Robert Elsmere was written by Mrs Humphrey Ward and first published in 1888 (London: Smith, Elder, & Co). The novel describes the life of Robert and his wife Catherine as they wrestle with personal, moral and social questions closely related to Church reform. It was a best seller at the time and new editions were published up to the 1980's, but it is not an easy read!

Most of the story is set elsewhere but the early chapters describe Longsleddale, called Long Whindale:-

‘The narrow road, which was the only link between the farmhouses sheltered by the crags at the head of the valley and those far-away regions of town and civilisation suggested by the smoke wreaths of Whinborough on the southern horizon, was lined with masses of the white heckberry or bird-cherry.’
‘as the walker penetrates farther ... the hills grow steeper, the breadth between them contracts ..’
‘...the great masses of frowning crag which close in the head of the valley ... give it dignity and a wild beauty.’
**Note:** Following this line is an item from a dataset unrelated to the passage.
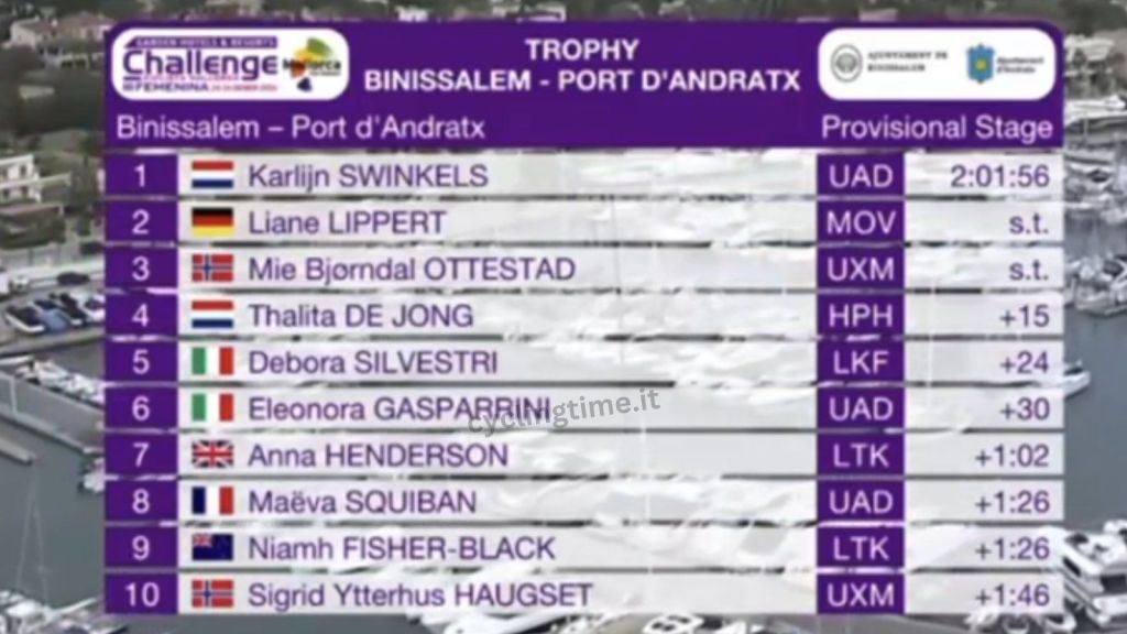 La jornada se decidió en los tres kilómetros finales de ascensión a Mon Port, donde un selecto grupo de ocho corredoras se jugó la victoria. Este grupo se había formado a 26 kilómetros de la meta, tras una intensa selección provocada por el alto ritmo impuesto desde el inicio de la prueba. En el momento clave, Swinkels demostró ser la más fuerte y logró así la segunda victoria para el UAE Team ADQ en esta edición de la Challenge, después del triunfo conseguido en Felanitx por la francesa Maeva Squiban.

Whinborough can be identified as Kendal, Shanmore as Kentmere, Marrisdale as Bannisdale, and High Fell as Harter Fell. Catherine's family name was Leyburn, long associated with Longsleddale. She lived at Burwood Farm; despite imaginary extensions and a change of location, it is recognisable as Low Sadgill:-

photo of Low Sadgill in 1910
Low Sadgill in 1910
‘On one of these solitary houses the afternoon sun, about to descend before very long behind the hills dividing Long Whindale from Shanmoor, was still lingering ... bringing out the whitewashed porch and the broad bands of white edging the windows into relief against the gray stone of the main fabric, the gray roof overhanging it, and the group of sycamores and Scotch firs which protected it from the cold east and north.’

Mrs Ward has little time for the proprietor-farmers in Long Whindale, ‘brutal, swearing, whisky-drinking stock’, but concentrates on the life of the gentlefolk, which included the well-educated Leyburns. They had returned to the valley and bought the farmhouse from their grandfather, a farmer who ‘drank away an acre a year’.

She describes building which actually took place in the late 19th century, but includes fictional features:-

‘... a freshly built church ... peaked and gabled, with a spire and two bells, and a painted east window, and Heaven knows what novelties besides. The primitive whitewashed structure it replaced ... had become a quick and hurrying ruin ... the rotten timbers of the roof came dropping on the farmers’ heads ... and the wind raged through innumerable mortarless chinks’

Also in the novel is the legend of the ghost of a drowned girl, ‘t' bogle o' Bleacliff Tarn’, who spoke to Mary Backhouse as she returned home over Stile End Pass at Midsummer, distraught by the rejection of her Kentmere lover. By the next year she was weak and delirious:-
‘She thowt she heerd soombody fleytin' and calling' - it was t' wind came skirlin' round t' place’
She died that Midsummer night as the legend had predicted.